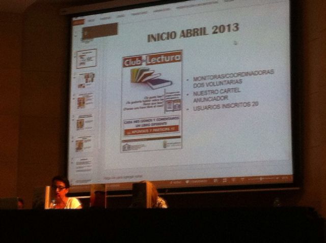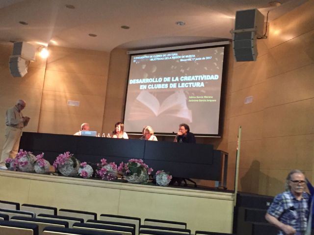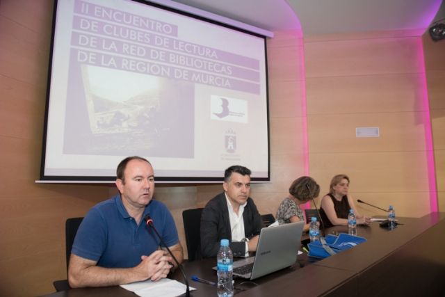 Representantes del Club de Lectura de Totana asisten al "II Encuentro de Clubes de Lectura de la Región de Murcia" celebrado el pasado sábado en Mazarrón, y en el que Isabel Román, bibliotecaria de la Biblioteca Municipal "Mateo García" y coordinadora del club de lectura totanero, llevó a cabo una ponencia en la que explicó cuál ha sido la evolución del club de lectura desde su origen y hasta la fecha.
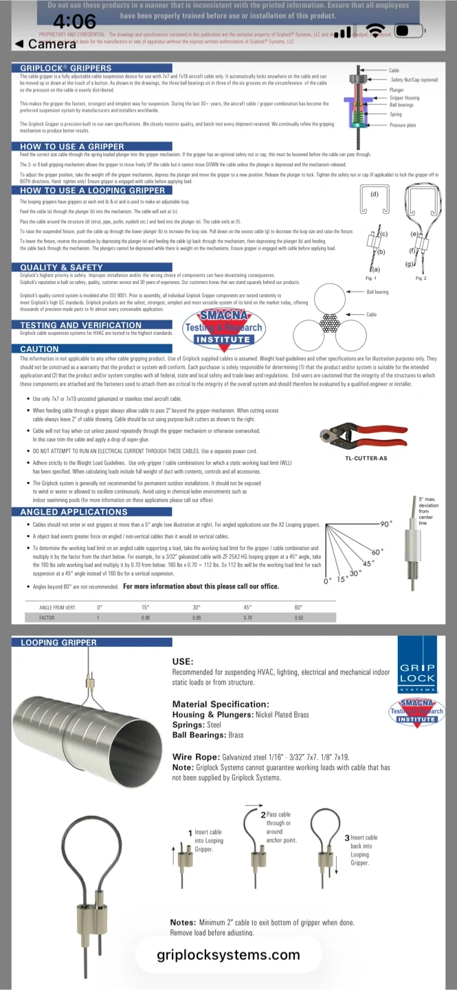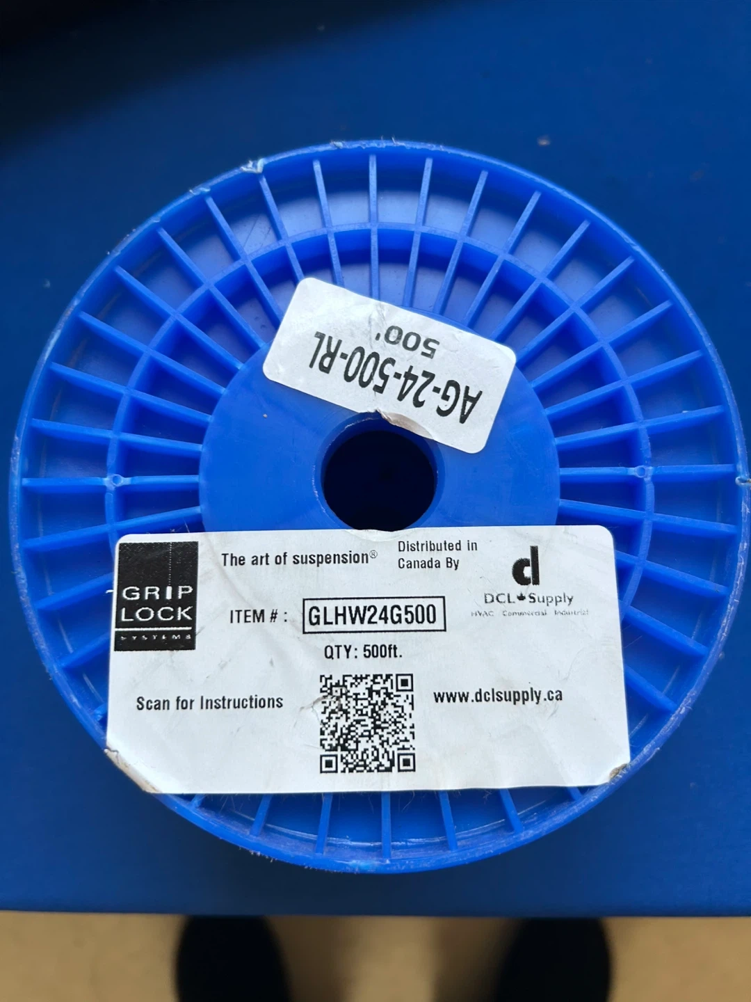 New Griplock Systems steel cable, 400 feet on the spool. Item GLHW24G500. This cable is good for suspension systems like in HVAC, lighting, electrical, retail display, art, suspended ceilings, and rigging.
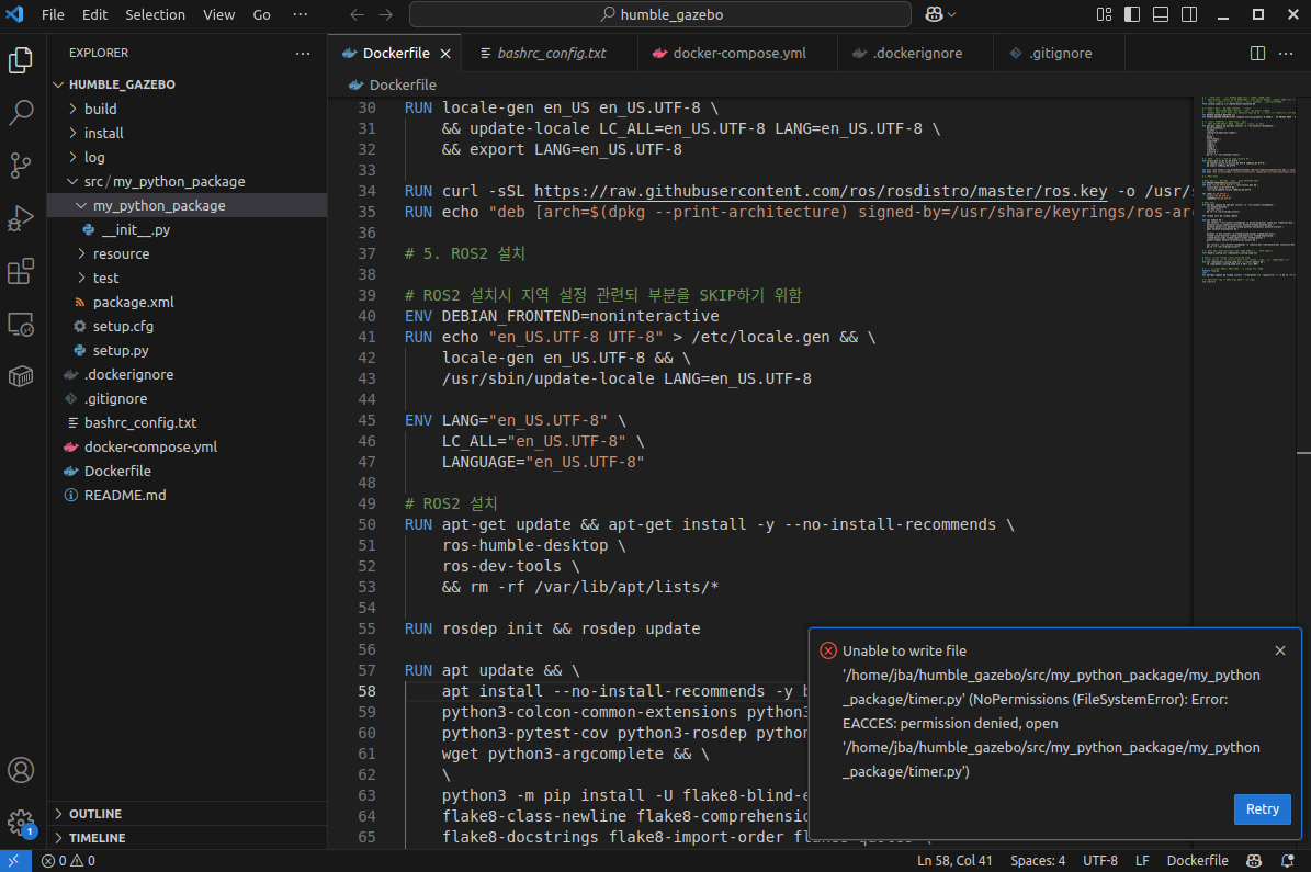 위의 VSCode 화면 좌측 하단을 보면 "Unable to write file ... permission denied ..." 에러가 발생한 것을 볼 수 있다.

::::::::

Quote in full the listing given above; the images are to be left out.

## Task response
 Representantes del Club de Lectura de Totana asisten al "II Encuentro de Clubes de Lectura de la Región de Murcia" celebrado el pasado sábado en Mazarrón, y en el que Isabel Román, bibliotecaria de la Biblioteca Municipal "Mateo García" y coordinadora del club de lectura totanero, llevó a cabo una ponencia en la que explicó cuál ha sido la evolución del club de lectura desde su origen y hasta la fecha.
 New Griplock Systems steel cable, 400 feet on the spool. Item GLHW24G500. This cable is good for suspension systems like in HVAC, lighting, electrical, retail display, art, suspended ceilings, and rigging.
 위의 VSCode 화면 좌측 하단을 보면 "Unable to write file ... permission denied ..." 에러가 발생한 것을 볼 수 있다.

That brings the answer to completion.